Private jets sitting at Terrace airport. Facebook photo
Private jets sitting at Terrace airport. Facebook photo


The handful of private jets parked on the tarmac at the Terrace airport certainly raised the curiousity of the locals.

As it turned out, those jets had ferried representatives of high-profile American conservation groups in for a fishing excursion on the Ecstall river, south of Prince Rupert on August 12. The only problem is the fiver is closed to angling.

According to the Terrace Standard newspaper, Department of Fisheries and Oceans officers attended the site but fishers presented a food-fishing permit issued by the Lax Kw’alaams band.

The Komaham Lodge, a private retreat owned by Bass Pro Shops, hosted members of the Congressional Sportsmen Foundation, later said the fishing was part of joint research project on low salmon stocks with the Lax Kw’alaams, according to the Standard. Apparently the Lax Kw’alaams issued a six-day permit to the group for the study.

That’s not good enough says Skeena-Bulkley Valley MP Nathan Cullen, who has talked to DFO and the lodge manager about the excursion.

“We’re just trying to understand how this is possible, how a river that is closed to everyone is suddenly open to millionaire Americans,” said Cullen.

He added he is trying to contact Bass Pro Shops to also get some answers.
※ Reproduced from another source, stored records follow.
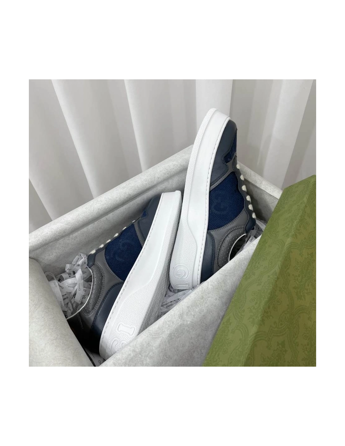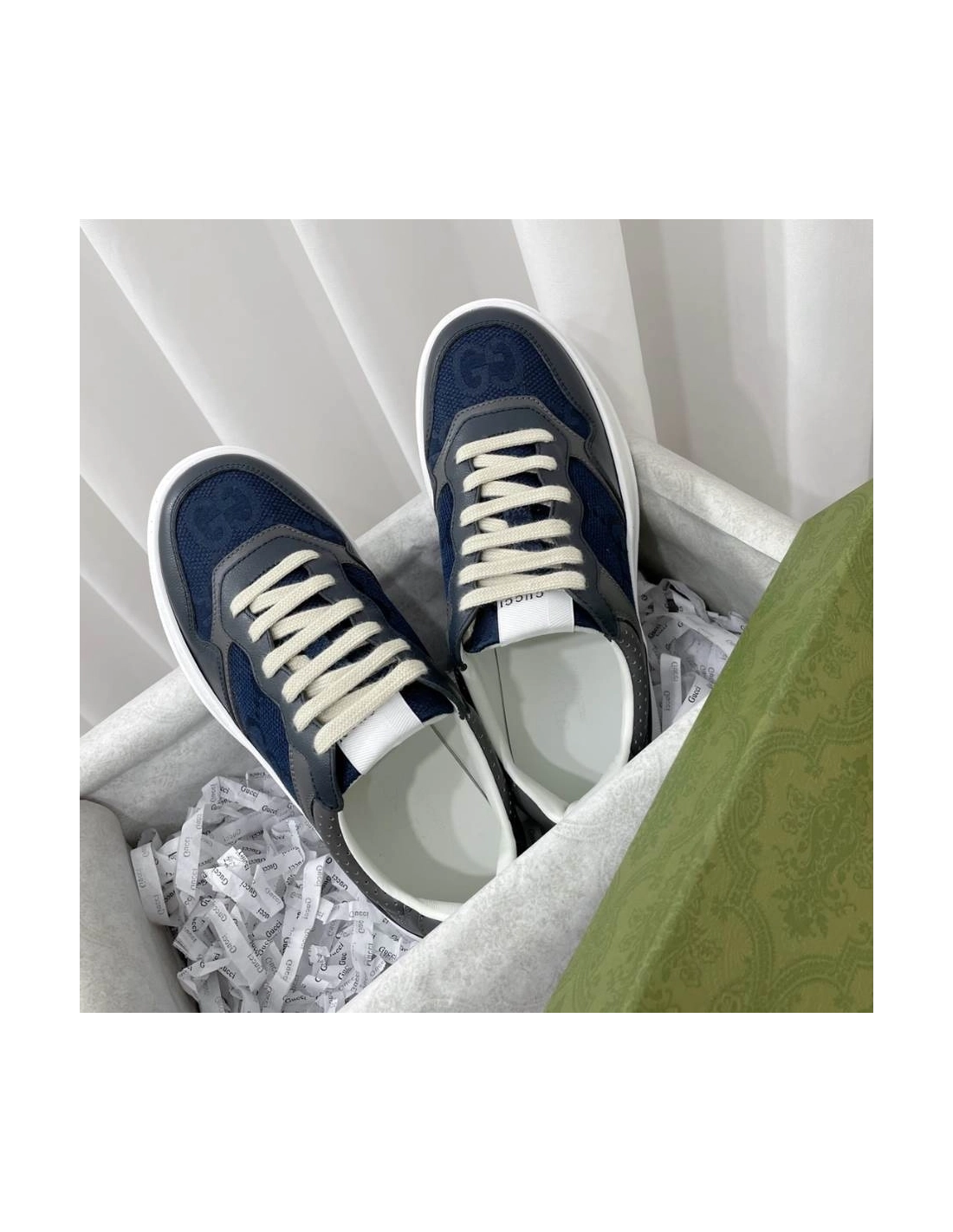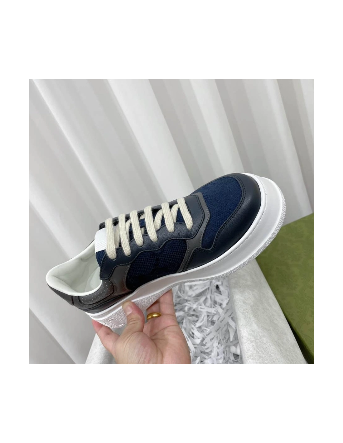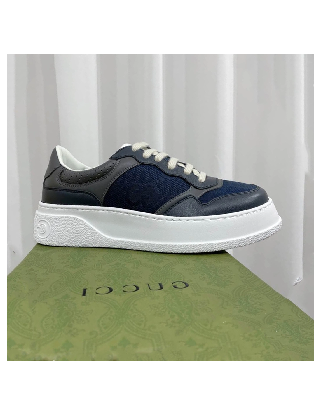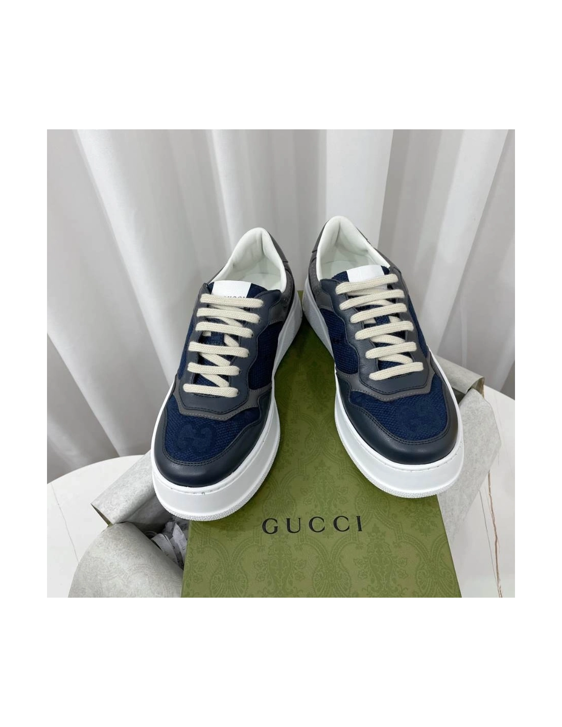 Gucci Chunky Lace Embossed Grey Blue Sneakers - GCC192
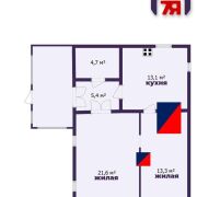 -Общая площадь дома - 58,1 кв.м., жилая - 30,9 кв.м. Планировка продумана: две светлые жилые комнаты и просторная кухня 13,1 м2, где удобно собираться всей семьёй.
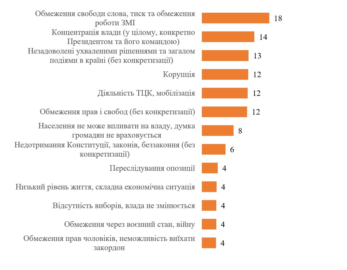 - обмеження свободи слова і тиск на медіа (18% серед тих, хто вважає, що країна рухається до авторитаризму);
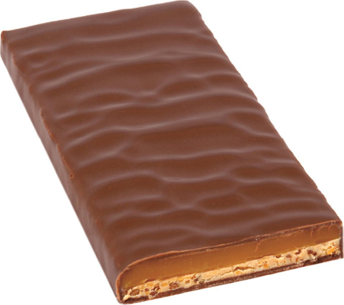 Naturalny karmel został połączony z masłem. Do tego warstwa nugatu migdałowego, a pomiędzy chrupiące płatki karmelowe. Całość oblana ciemną czekoladą górską o zawartości 50 procent kakao.
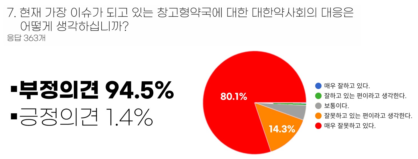 특히 주요 현안 대응에 대한 불만이 집중됐다. 창고형 약국 대응에 대해서는 부정 평가가 94.5%에 달해 사실상 대부분의 응답자가 부정적으로 인식하고 있는 것으로 확인됐다. 이는 이번 조사에서 가장 높은 부정 응답 비율로, 집행부의 핵심 현안 대응력에 대한 회원들의 실망이 극명하게 드러난 대목이다.

“The sense I get from what they’ve told us is that this was to do science and these are wealthy people who want to donate to conservation work,” said Cullen. “It just has the fringe benefit of fishing on an exclusive and closed river. I’ve got to hear something a lot better than than that because a lot of resident anglers are pretty ticked off.”

He said there has been very limited access for local anglers, which only adds to the local anger.

“Somehow that you can buy your way onto B.C. rivers if you’re a rich American causes me concern,” said Cullen. “I don’t even know how this is legal, never mind possible.”

He has asked the Department of Fisheries and Oceans for a full investigation.